§ **TASK TO COMPLETE**
Please, without any pictures, set down exactly the part of the listing below that opens with the line containing "Transfronterizos bolsas de" and closes with the line containing "助产学222班于2023年1".

§ **PROVIDED INFORMATION**
++++
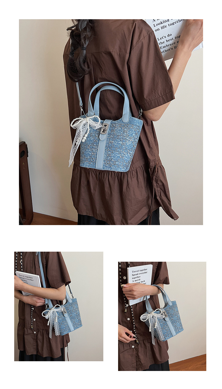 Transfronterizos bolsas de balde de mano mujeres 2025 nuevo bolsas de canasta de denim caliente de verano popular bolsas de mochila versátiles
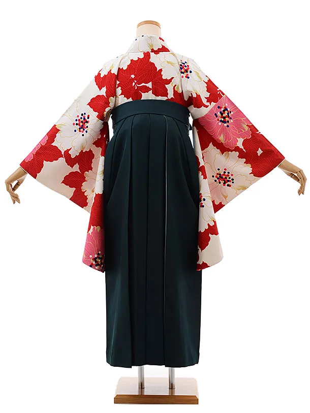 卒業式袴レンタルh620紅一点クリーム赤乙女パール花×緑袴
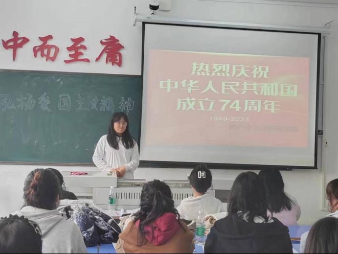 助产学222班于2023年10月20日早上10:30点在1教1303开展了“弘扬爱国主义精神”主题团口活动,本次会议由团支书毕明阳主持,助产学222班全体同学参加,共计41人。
++++
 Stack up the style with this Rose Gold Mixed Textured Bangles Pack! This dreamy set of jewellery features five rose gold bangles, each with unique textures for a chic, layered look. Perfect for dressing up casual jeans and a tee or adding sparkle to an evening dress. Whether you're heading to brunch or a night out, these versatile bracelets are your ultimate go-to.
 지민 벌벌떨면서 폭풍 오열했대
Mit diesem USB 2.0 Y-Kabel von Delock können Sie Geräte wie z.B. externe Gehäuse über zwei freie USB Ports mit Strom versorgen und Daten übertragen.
++++
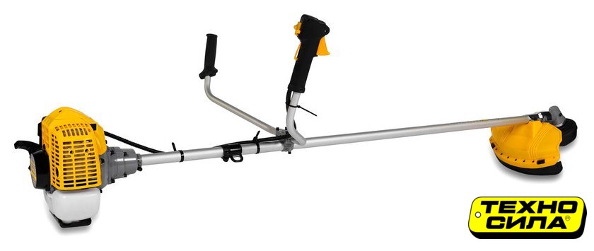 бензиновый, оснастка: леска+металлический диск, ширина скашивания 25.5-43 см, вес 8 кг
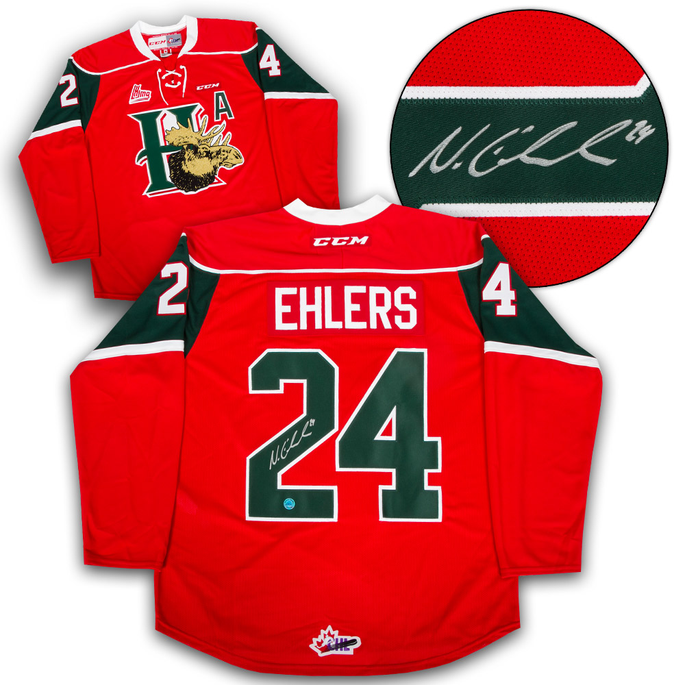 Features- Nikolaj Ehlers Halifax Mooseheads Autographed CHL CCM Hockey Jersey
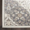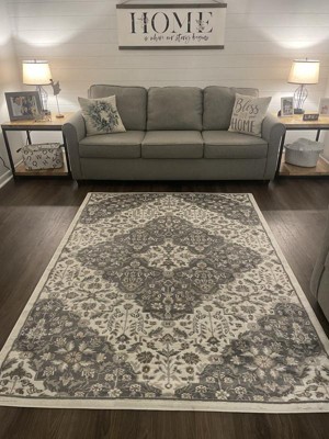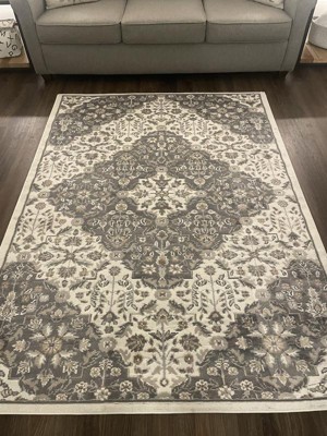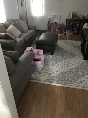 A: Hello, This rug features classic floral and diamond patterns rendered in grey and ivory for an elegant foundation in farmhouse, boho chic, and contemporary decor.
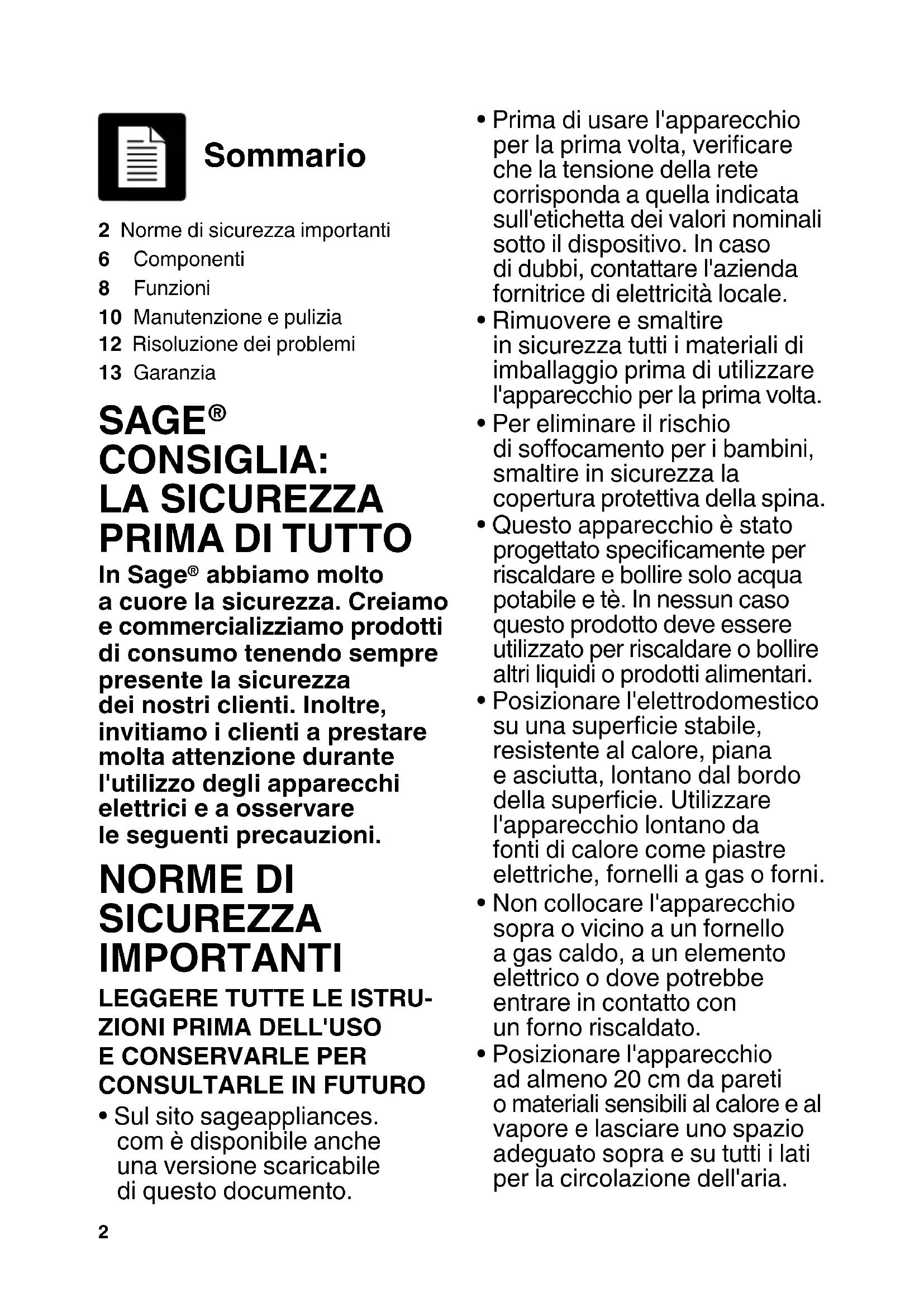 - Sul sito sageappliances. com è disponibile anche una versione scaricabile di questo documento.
++++
§ **OUTPUT FOR THIS TASK**
 Transfronterizos bolsas de balde de mano mujeres 2025 nuevo bolsas de canasta de denim caliente de verano popular bolsas de mochila versátiles
 卒業式袴レンタルh620紅一点クリーム赤乙女パール花×緑袴
 助产学222班于2023年10月20日早上10:30点在1教1303开展了“弘扬爱国主义精神”主题团口活动,本次会议由团支书毕明阳主持,助产学222班全体同学参加,共计41人。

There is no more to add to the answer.